◆ Task to complete: Entries below include pictures. Output exactly the lines from the one with "❶ 千葉県弁護士会会長宛てに、千葉県弁護士会所属の 宮原" down to the one with "Przepiękny wisiorek z", both ends included, and leave the pictures out.

*** Opening of The data ***

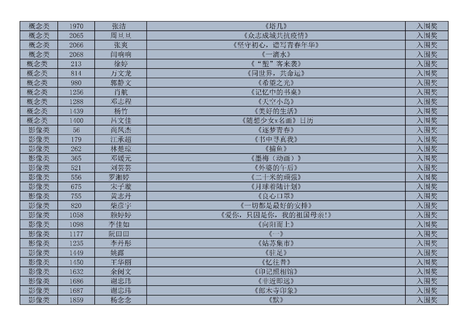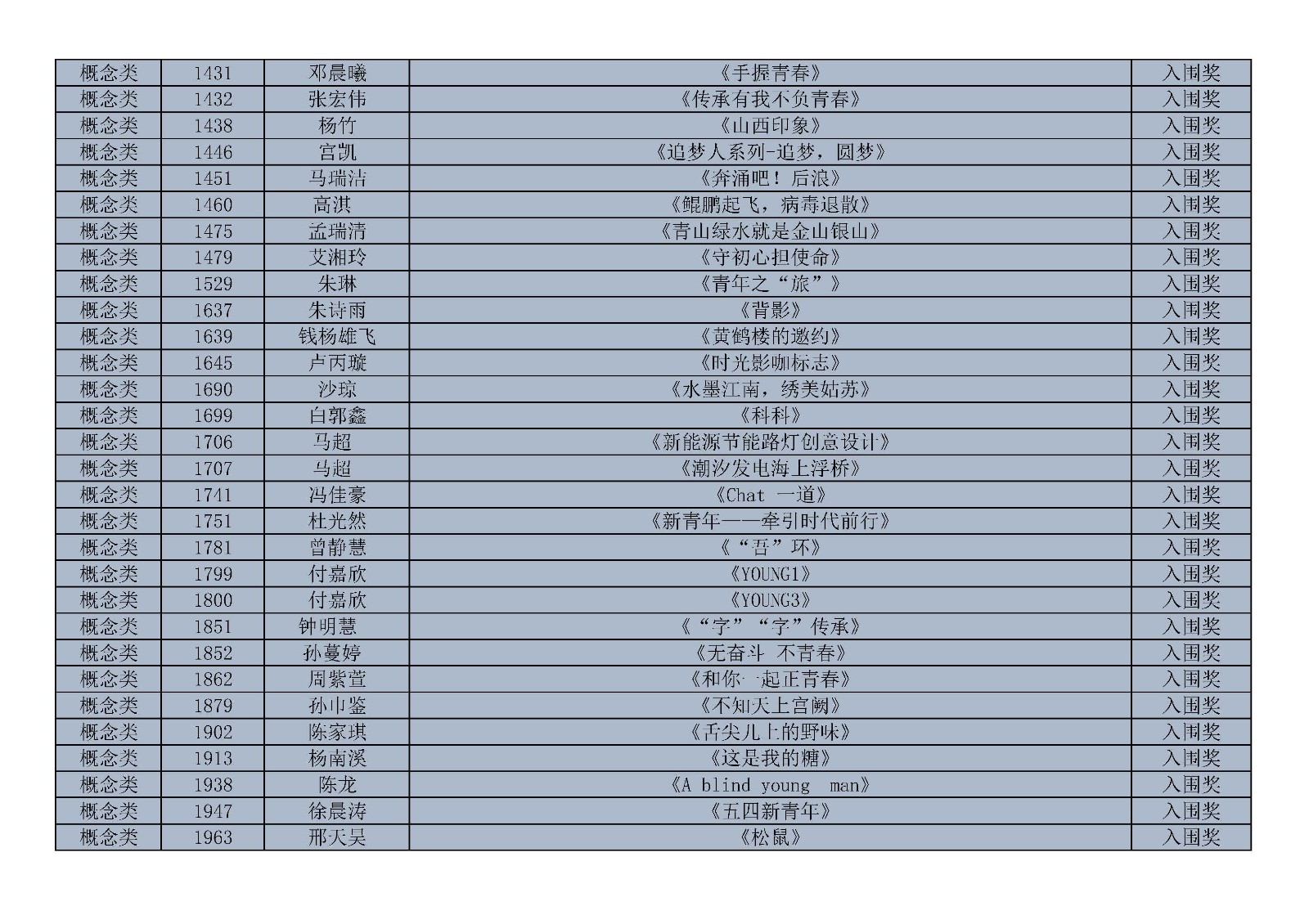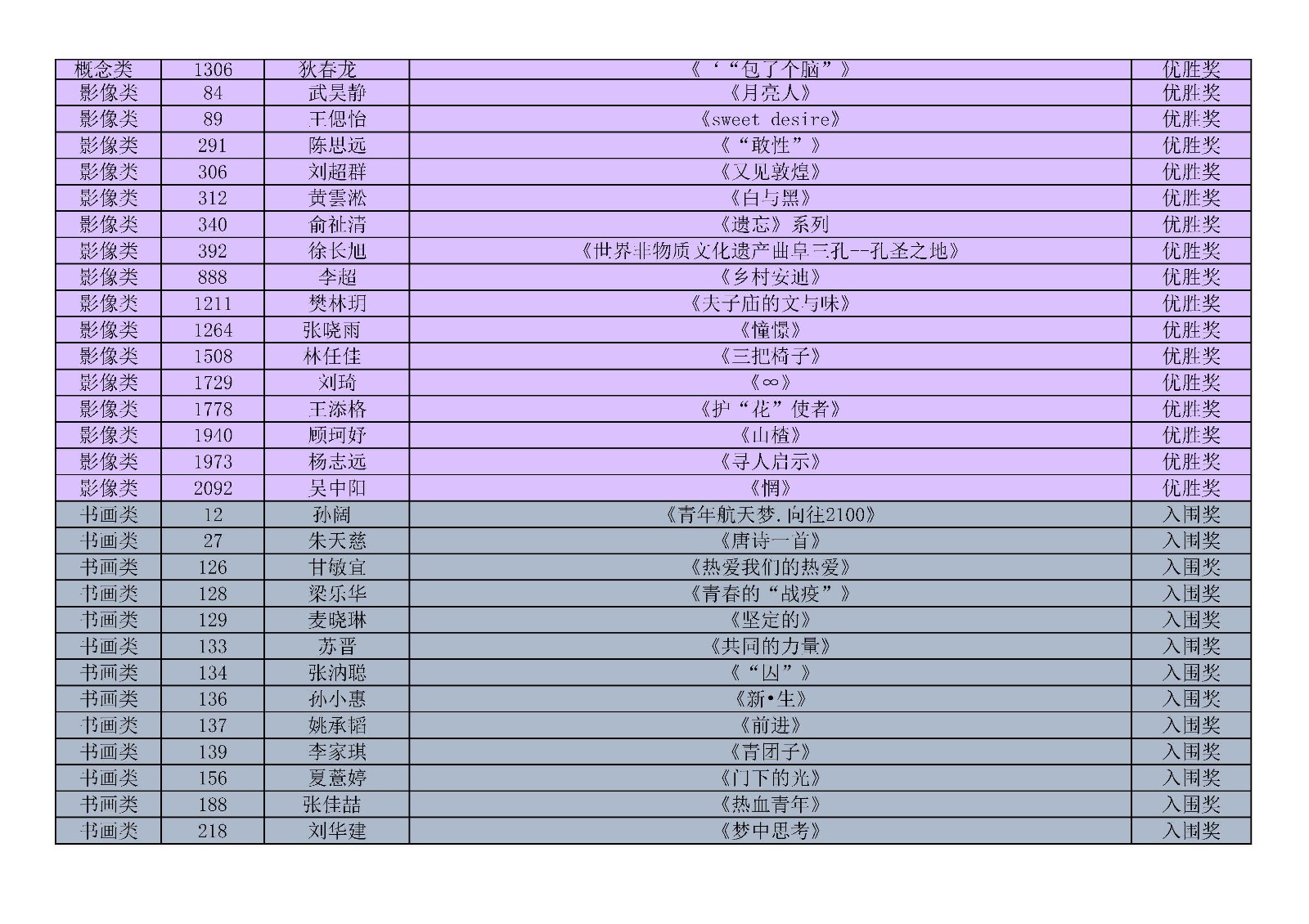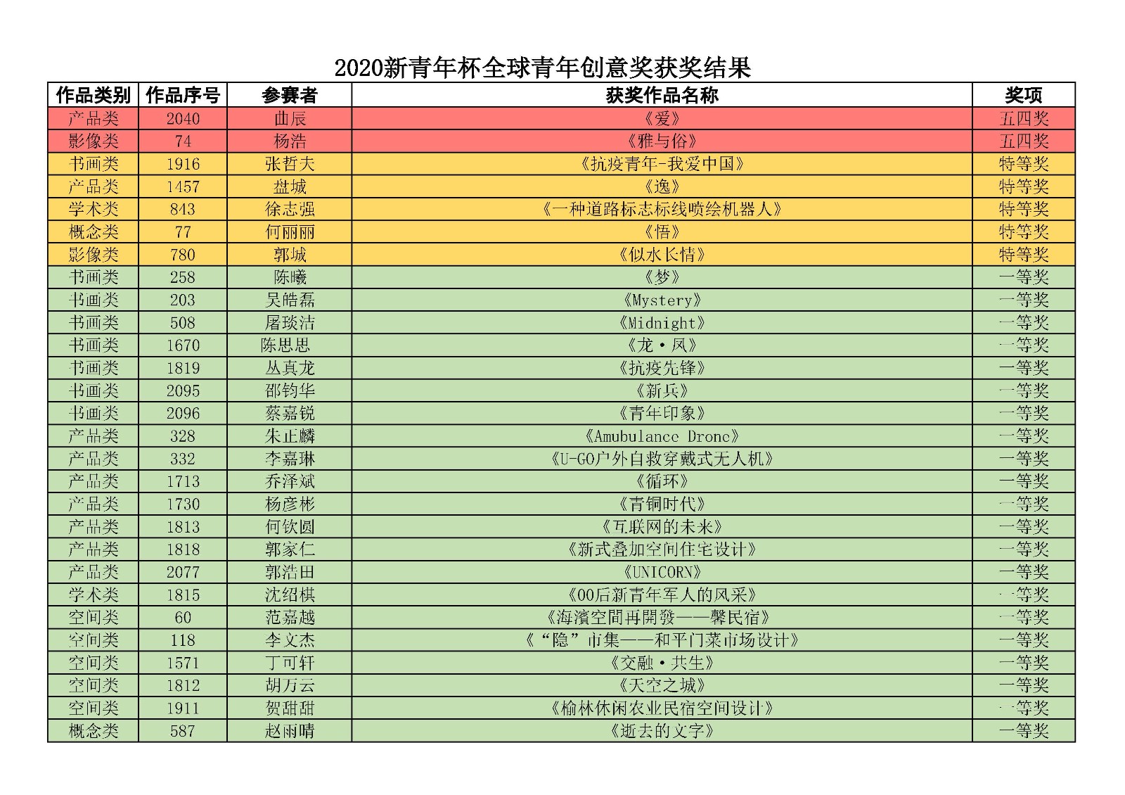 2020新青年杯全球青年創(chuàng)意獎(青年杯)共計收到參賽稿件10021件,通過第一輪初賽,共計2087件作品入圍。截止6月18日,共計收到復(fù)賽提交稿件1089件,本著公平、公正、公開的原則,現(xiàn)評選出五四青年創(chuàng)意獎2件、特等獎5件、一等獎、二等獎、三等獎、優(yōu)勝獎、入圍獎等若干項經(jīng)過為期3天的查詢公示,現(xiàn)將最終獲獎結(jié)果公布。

*** Close of The data ***
*** Opening of The data ***

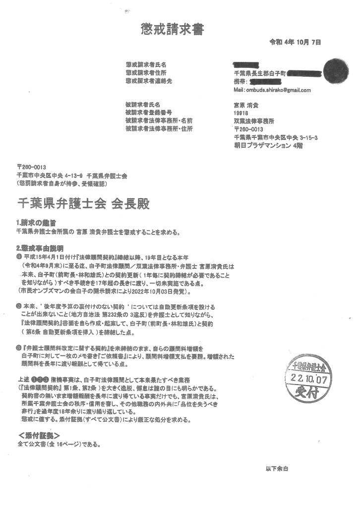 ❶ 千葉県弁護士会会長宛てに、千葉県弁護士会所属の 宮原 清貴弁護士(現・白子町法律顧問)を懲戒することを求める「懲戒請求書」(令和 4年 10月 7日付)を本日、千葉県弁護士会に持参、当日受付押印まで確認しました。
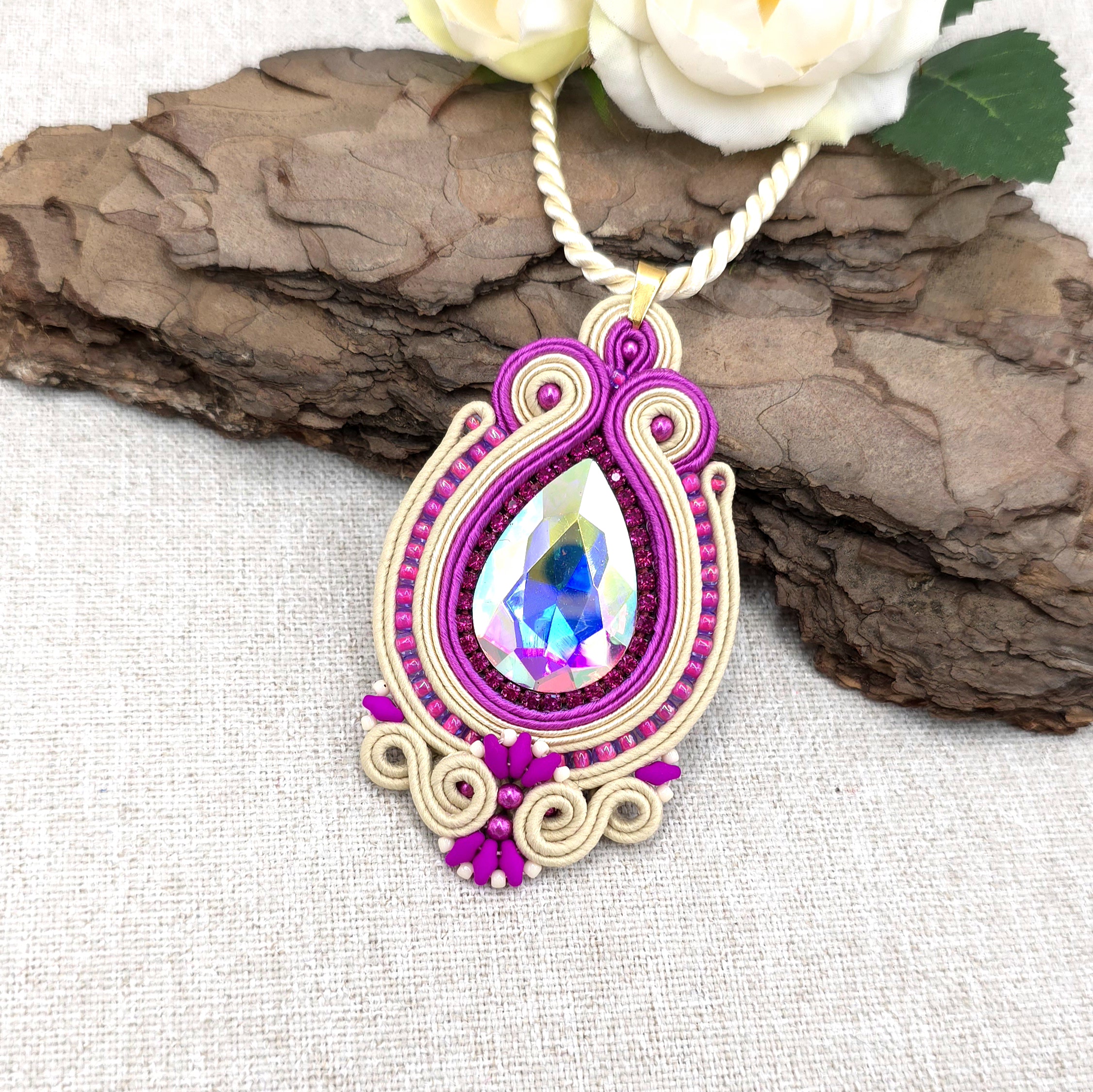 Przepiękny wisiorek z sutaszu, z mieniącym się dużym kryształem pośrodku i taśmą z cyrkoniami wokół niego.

*** Close of The data ***
*** Opening of The data ***

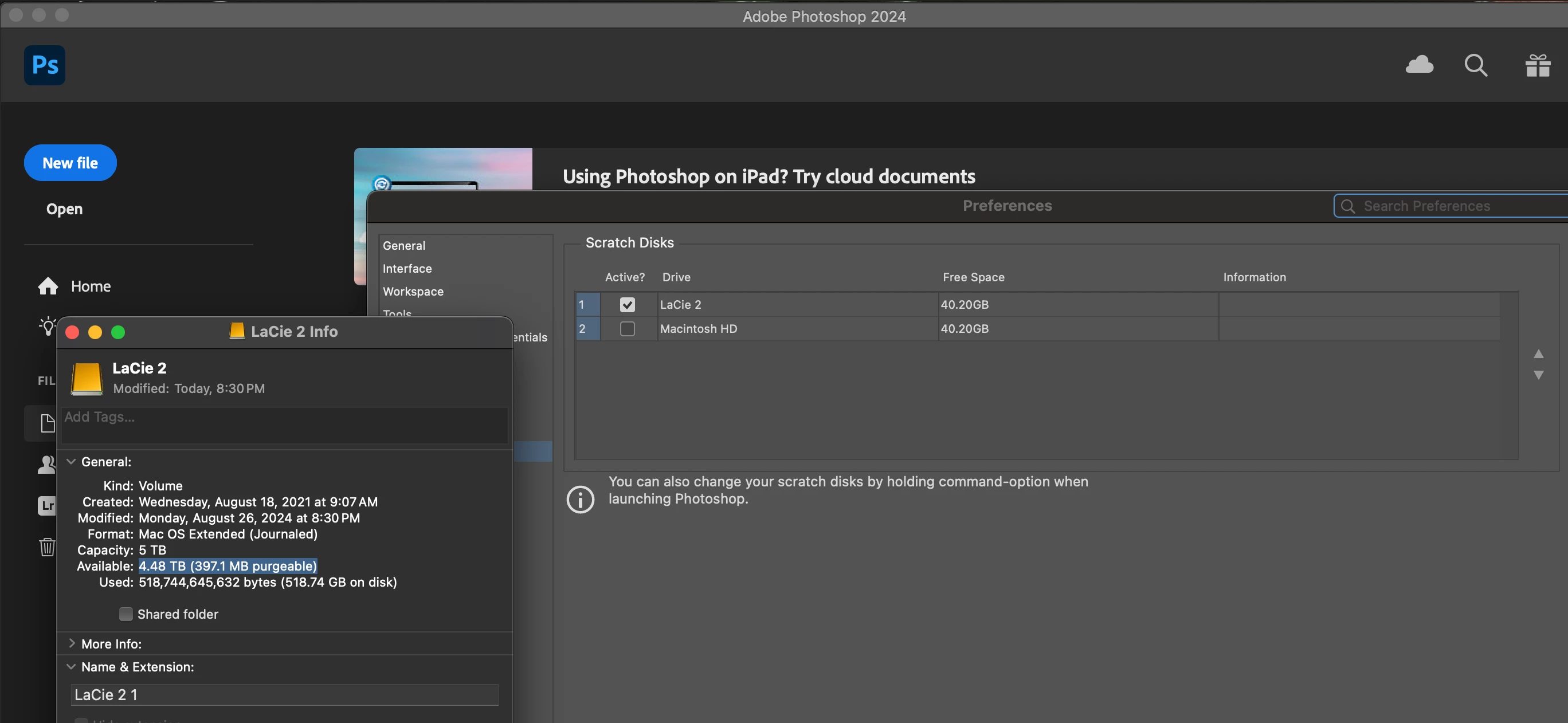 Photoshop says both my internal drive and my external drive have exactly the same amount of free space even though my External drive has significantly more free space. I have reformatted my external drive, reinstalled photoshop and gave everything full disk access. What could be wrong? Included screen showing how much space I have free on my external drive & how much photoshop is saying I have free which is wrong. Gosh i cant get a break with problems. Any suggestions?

*** Close of The data ***

◆ Result for this task:
 ❶ 千葉県弁護士会会長宛てに、千葉県弁護士会所属の 宮原 清貴弁護士(現・白子町法律顧問)を懲戒することを求める「懲戒請求書」(令和 4年 10月 7日付)を本日、千葉県弁護士会に持参、当日受付押印まで確認しました。
 Przepiękny wisiorek z sutaszu, z mieniącym się dużym kryształem pośrodku i taśmą z cyrkoniami wokół niego.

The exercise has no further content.